CHAPITRE XVI Que l’institution du Gouvernement n’est point un contrat.

Le pouvoir législatif une fois bien établi, il s’agit d’établir de même le pouvoir exécutif; car ce dernier, qui n’opere que par des actes particuliers, n’étant pas de l’essence de l’autre, en est naturellement séparé. S’il étoit possible que le Souverain, considéré comme tel, eût la puissance exécutive, le droit & le fait seroient tellement confondus qu’on ne sauroit plus ce qui est loi & ce qui ne l’est pas, & le Corps politique ainsi dénaturé seroit bientôt en proie à la violence contre laquelle il fut institué.

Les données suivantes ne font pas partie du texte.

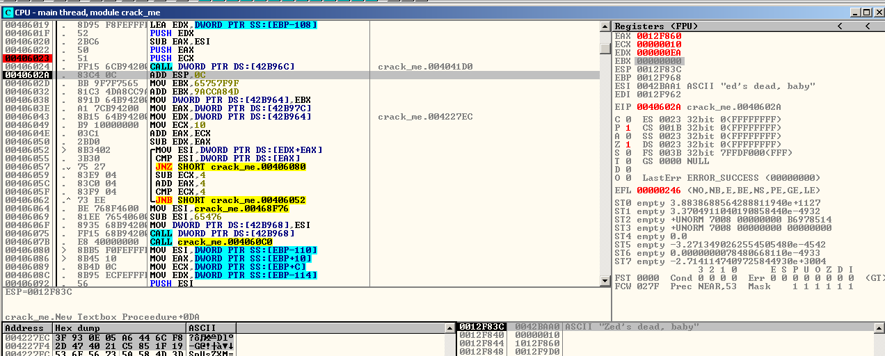 Actually, through trial and error, I discovered that if we place a BP at 0x405F50, the CrackMe text boxes don’t finish rendering yet, and when you click on the CrackMe box, it breaks the program at 0x405F50. I discovered that if we place a BP further down, say at 0x406023, the text box is fully rendered, and we can input text in the Stage 2 box, which will cause us to break at 0x406023. If we do that, and place in any text other than the “I did it!”, we can trace this part of the code to try and figure out what the real message should be:

Les citoyens étant tous égaux par le contrat social, ce que tous doivent faire tous peuvent le prescrire, au lieu que nul n’a droit d’exiger qu’un autre fasse ce qu’il ne fait pas lui-même. Or c’est proprement ce droit, indispensable pour faire vivre et mouvoir le Corps politique, que le Souverain donne au Prince en instituant le Gouvernement.

Plusieurs ont prétendu que acte de cet établissement étoit un contrat entre le peuple & les chefs qu’il se donne: contrat par lequel on stipuloit entre les deux parties les conditions sous lesquelles l’une s’obligeoit à commander & l’autre à obéir. On conviendra, je m’assure, que voilà une étrange maniere de contracter! Mais voyons si cette opinion est soutenable.

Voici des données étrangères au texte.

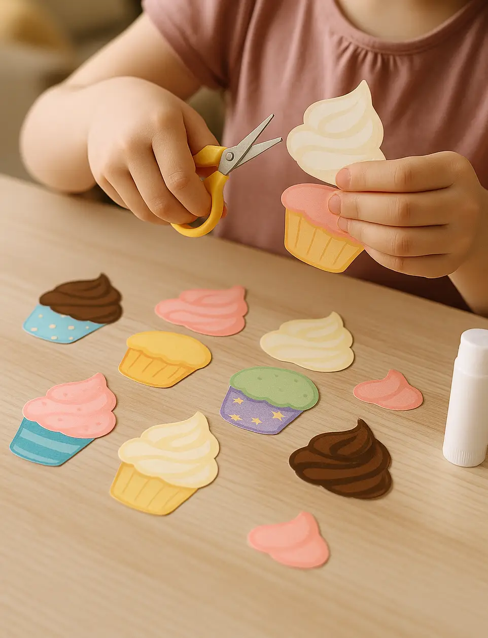 - Let your child build and glue their cupcake creations

Premiérement, l’autorité suprême ne peut pas plus se modifier que s’aliéner, la limiter c’est la détruire. Il est absurde & contradictoire que le Souverain se donne un supérieur; s’obliger d’obéirà un maître, c’est se remettre en pleine liberté.

De plus, il est évident que ce contrat du peuple avec telles ou telles personnes seroit un acte particulier. D’où il suit que ce contrat ne sauroit être une loi ni un acte de souveraineté, & que par conséquent il seroit illégitime.

On voit encore que les parties contractantes seroient entre elles sous la seule loi de nature & sans aucun garant de leurs engagemens réciproques, ce qui répugne de toutes manieres à l’état civil: celui qui a la force en main étant toujours le maître de l’exécution, autant vaudroit donner le nom de contrat à l’acte d’un homme qui diroit à un autre; "je vous donne tout mon bien, à condition que vous m’en rendrez ce qu’il vous plaira."

Il n’y a qu’un contrat dans l’Etat, c’est celui de association celui-là seul en exclut tout autre. On ne sauroit imaginer aucun contrat public, qui ne fût une violation du premier.